Talk Story: Kapua Janai
Kapua Janai flips through the pages of her book, “Whispers on the Mountain,” and stops when she finds the poem she is looking for. Its title is “Being.” And as she reads it, the words flow, evenly and smoothly. Here are some of the lines:
We live in a society that bombards us with the drive to “do,”
to cram a million bits of activity into every day,
to use every second for something veritably “productive”
and if possible, to do two or three things at once.
But where did this come from?
Whose idea was this?
Doesn’t anyone consider that this may be unwise?
Haven’t they seen that all this excessive doing
produces stress, anxiety, tension, exhaustion,
illness, anger, and even feelings of guilt?
Surely as human beings we are capable of better lives than that!
…
Our world is in need of healing.
Will we slow down in time to hear the answers?
Will we remember how to Be
and again become a part of this world?
Janai has found a place that puts her in touch with nature’s beauty. It stirs her heart. That place is Kokee State Park.
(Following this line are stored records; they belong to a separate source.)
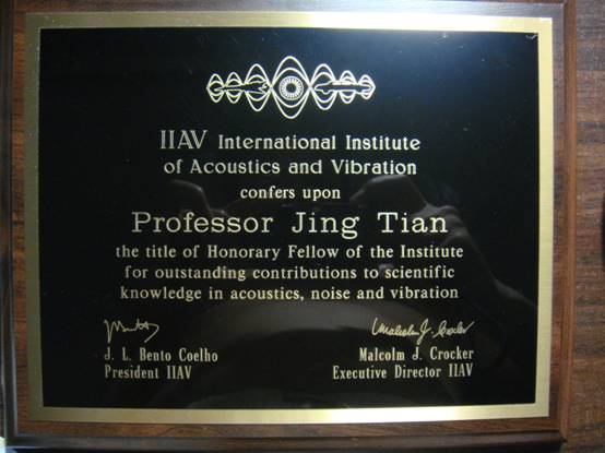 2010年7月18日至22日,第17届国际声与振动大会(ICSV17)在埃及的开罗举行,会议期间,国际声学和振动学会(IIAV)宣布授予中国声学学会理事长、中国科学院声学研究所研究员田静博士学会荣誉会士(Honorary Fellow)称号,并颁发了证书和奖牌,以表彰其在声学和振动研究领域中所做出的杰出贡献。该证书由国际声学和振动学会理事长Luis Bento Coelho和执行理事长Malcolm J. Crocker共同签署。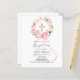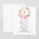 Un fond blanc élégant, orné de fleurs roses et blanches peintes à l'aquarelle en forme de couronne, un ruban rose et une croix dorée. Personnalisez et ajoutez un nom et des détails.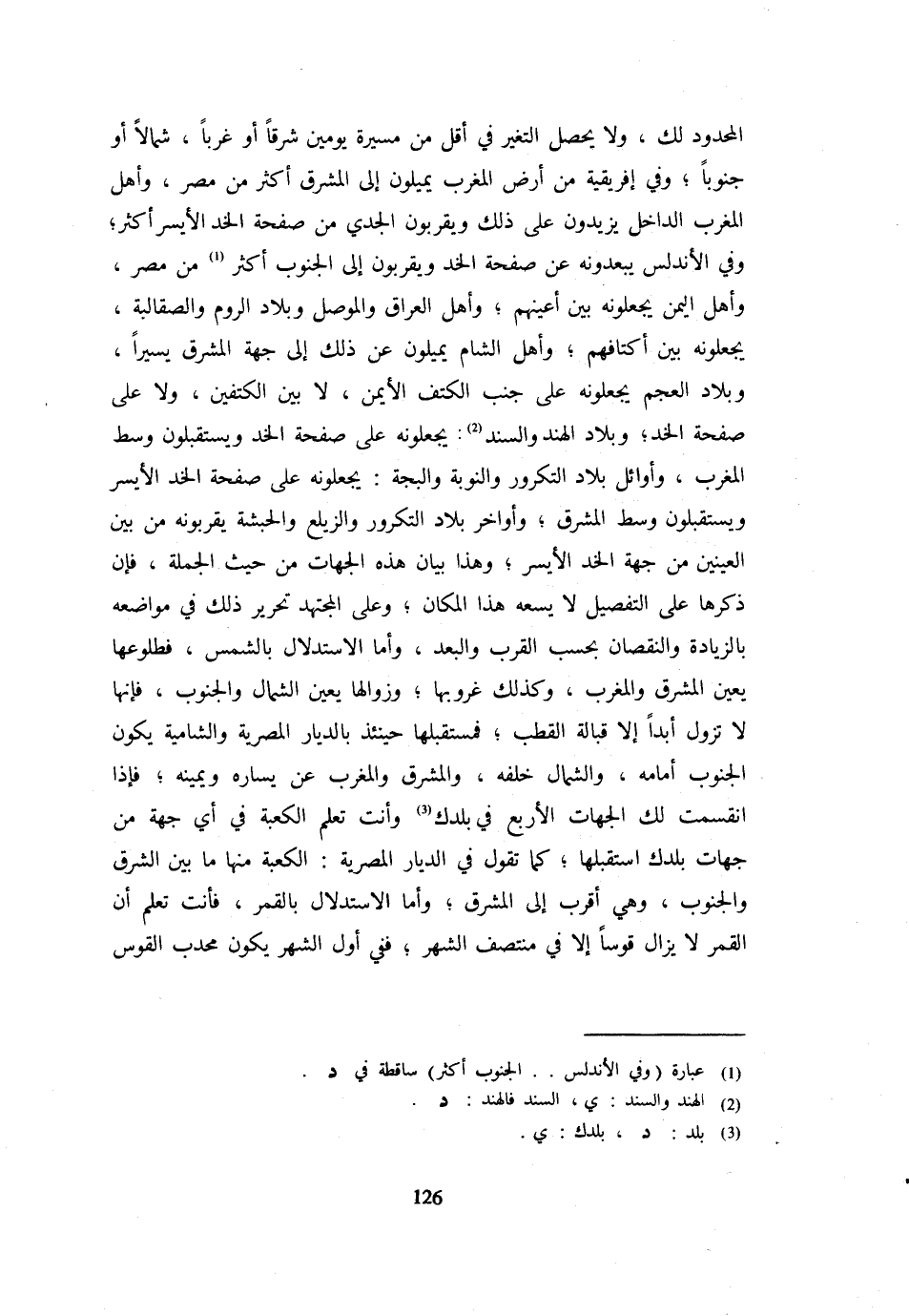 الْمَحْدُودِ لَكَ وَلَا يَحْصُلُ التَّغَيُّرُ فِي أَقَلِّ مِنْ مَسِيرَةِ يَوْمَيْنِ شَرْقًا أَوْ غَرْبًا شَمَالًا أَوْ جَنُوبًا وَفِي إِفْرِيقِيَّةَ مِنْ أَرْضِ الْمَغْرِبِ يميلون إِلَى الشرق أَكْثَرَ مِنْ مِصْرَ وَأَهْلُ الْمَغْرِبِ الدَّاخِلِ يَزِيدُونَ عَلَى ذَلِكَ وَيُقَرِّبُونَ الْجَدْيَ مِنْ صَفْحَةِ الْخَدِّ الْأَيْسَرِ أَكْثَرَ وَفِي الْأَنْدَلُسِ يُبْعِدُونَهُ عَنْ صَفْحَةِ الخد ويقربون إِلَى الْجنُوب أَكثر من مِصْرَ وَأَهْلُ الْيَمَنِ يَجْعَلُونَهُ بَيْنَ أَعْيُنِهِمْ وَأَهْلُ الْعِرَاقِ وَالْمُوصِلِ وَبِلَادُ الرُّومِ وَالصَّقَالِبَةُ يَجْعَلُونَهُ بَيْنَ أَكْتَافِهِمْ وَأَهْلُ الشَّامِ يَمِيلُونَ عَنْ ذَلِكَ إِلَى جِهَةِ الْمَشْرِقِ يَسِيرًا وَبِلَادُ الْعَجَمِ يَجْعَلُونَهُ عَلَى جَنْبِ الْكَتِفِ الْأَيْمَنِ لَا بَيْنَ الْكَتِفَيْنِ وَلَا على صفحة الخد وبلاد الْهِنْد والسند يَجْعَلُونَهُ عَلَى صَفْحَةِ الْخَدِّ وَيَسْتَقْبِلُونَ وَسَطَ الْمَغْرِبِ وَأَوَائِلُ بِلَادِ التَّكْرُورِ وَالنُّوبَةُ وَالْبَجَّةُ يَجْعَلُونَهُ عَلَى صَفْحَةِ الْخَدِّ الْأَيْسَرِ وَيَسْتَقْبِلُونَ وَسَطَ الْمَشْرِقِ وَأَوَاخِرُ بِلَادِ التَّكْرُورِ وَالزَّيْلَعُ وَالْحَبَشَةُ يُقَرِّبُونَهُ مِنْ بَيْنِ الْعَيْنَيْنِ مِنْ جِهَةِ الْخَدِّ الْأَيْسَرِ وَهَذَا بَيَانُ هَذِهِ الْجِهَاتِ مِنْ حَيْثُ الْجُمْلَةِ فَإِنَّ ذِكْرَهَا عَلَى التَّفْصِيلِ لَا يَسَعُهُ هَذَا الْمَكَانُ وَعَلَى الْمُجْتَهِدِ تَحْرِيرُ ذَلِكَ فِي مَوَاضِعِهِ بِالزِّيَادَةِ وَالنُّقْصَانِ بِحَسْبِ الْقُرْبِ وَالْبُعْدِ وَأَمَّا الِاسْتِدْلَالُ بِالشَّمْسِ فَطُلُوعُهَا يُعَيِّنُ الْمَشْرِقَ وَالْمَغْرِبَ وَكَذَلِكَ غُرُوبُهَا وَزَوَالُهَا يُعَيِّنُ الشَّمَالَ وَالْجَنُوبَ فَإِنَّهَا لَا تَزُولُ أَبَدًا إِلَّا قُبَالَةَ الْقُطْبِ فَمُسْتَقْبِلُهَا حِينَئِذٍ بِالدِّيَارِ الْمِصْرِيَّةِ وَالشَّامِيَّةِ يَكُونُ الْجَنُوبُ أَمَامَهُ وَالشَّمَالُ خَلْفَهُ وَالْمَشْرِقُ وَالْمَغْرِبُ عَنْ يَسَارِهِ وَيَمِينِهِ فَإِذَا انْقَسَمَتْ لَكَ الْجِهَاتُ الْأَرْبَعُ فِي بَلَدِكَ وَأَنْتَ تَعْلَمُ الْكَعْبَةَ فِي أَيِّ جِهَةٍ مِنْ جِهَاتِ بَلَدِكَ اسْتَقْبِلْهَا كَمَا تَقول فِي الدِّيَارِ الْمِصْرِيَّةِ الْكَعْبَةُ مِنْهَا مَا بَيْنَ الشرق وَالْجَنُوبِ وَهِيَ أَقْرَبُ إِلَى الْمَشْرِقِ وَأَمَّا الِاسْتِدْلَالُ بِالْقَمَرِ فَأَنْتَ تَعْلَمُ أَنَّ الْقَمَرَ لَا يَزَالُ قوسا إِلَّا فِي منتصف الشَّهْر فَفِي أَوَّلِ الشَّهْرِ يَكُونُ مُحَدَّبَ الْقَوْسِ

Her recently published book is her prose, poetry and photography since settling on Kauai 16 years ago. In it, she shares her soul and spirit about the place where she found a connection to nature.
Some of the titles are “Moon on the Mountain,” “Sitting with Fire,” “In the Company of Trees,” and “Be Still.”
“I consider myself a nature mystic,” she said. “For me, to go up there and really be in tune with that is a mystical, spiritual experience.”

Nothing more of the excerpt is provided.